I think we'll call those theories B and C.

Anonymous said...

The child is…legally dead. Louise will have the vision (ultimate horror) for the rest of her life (prolonged) because "some idiot turned on the lights."

Anonymous said...

Marion was never dead. The story says the guests love mich, he's a fun and loving family man while Louise is quiet and introverted in front of the guests because they don't see the horror of mich that Louise sees. Plus if you think, you assume that Mich would cut a nine year old girl through bone in enough time to put her body in various bowls. NOO! He hid Marion and Louise would assume Mich would be devil enough to cut her daughter up LOOKING INSANE TOWARDS THE GUESTS then Louise would be put away in an asylum WHERE SHE WOULD NEVER SEE MARION AGAIN. It's legal, has Louise suffer and creative. Louise be put in an insane asylum is logical toward the story because no one is there to support her because they all think she's crazy enough to think that "fun Mich" would cut his daughter up.

Bob Lizarraga said...

I think Marion's dead - EC chose this story BECAUSE of the horrible ending, which they were known for. Just my 2 cents....

Mean Old Man said...

I don't think he killed the child ... along with the other issues in this thread, he simply did not have time to butcher her in the fashion described.
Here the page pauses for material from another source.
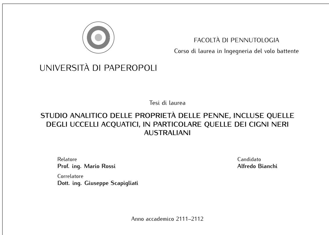
Figura 3.1. Frontespizio con l’orientamento landscape ottenuto sfruttando l’ambiente titlepage

scelte di un file PDF in un documento da comporre con \text{\LaTeX} . Se ne veda la documentazione aprendo un terminale o un prompt dei comandi, scrivendoci dentro texdoc pdfpages e poi premendo il tasto invio .
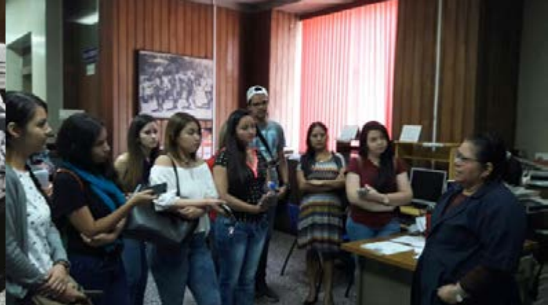
Estudiantes universitarios reciben información en la Sala de Informática de la BINAES.

So, yeah, he's just trying to drive the wife nuts in front of a group of friends.

Unknown said...

I began reading the Alfred Hitchcock collection of short story magazines (monthly)when I was about 12. I have been looking for this for years! Tonight it popped into my head again and I thought, what the hell, Google it. :) I'm a happy camper.

Gene B. said...

Yes, "The story says the guests love mich, he's a fun and loving family man..." but Bradbury also gives us Mitch's thoughts, especially his bitter suspicion that Marion is not his child. I've never had any doubt that those little Halloween-dressed kids were not holding grapes and spaghetti.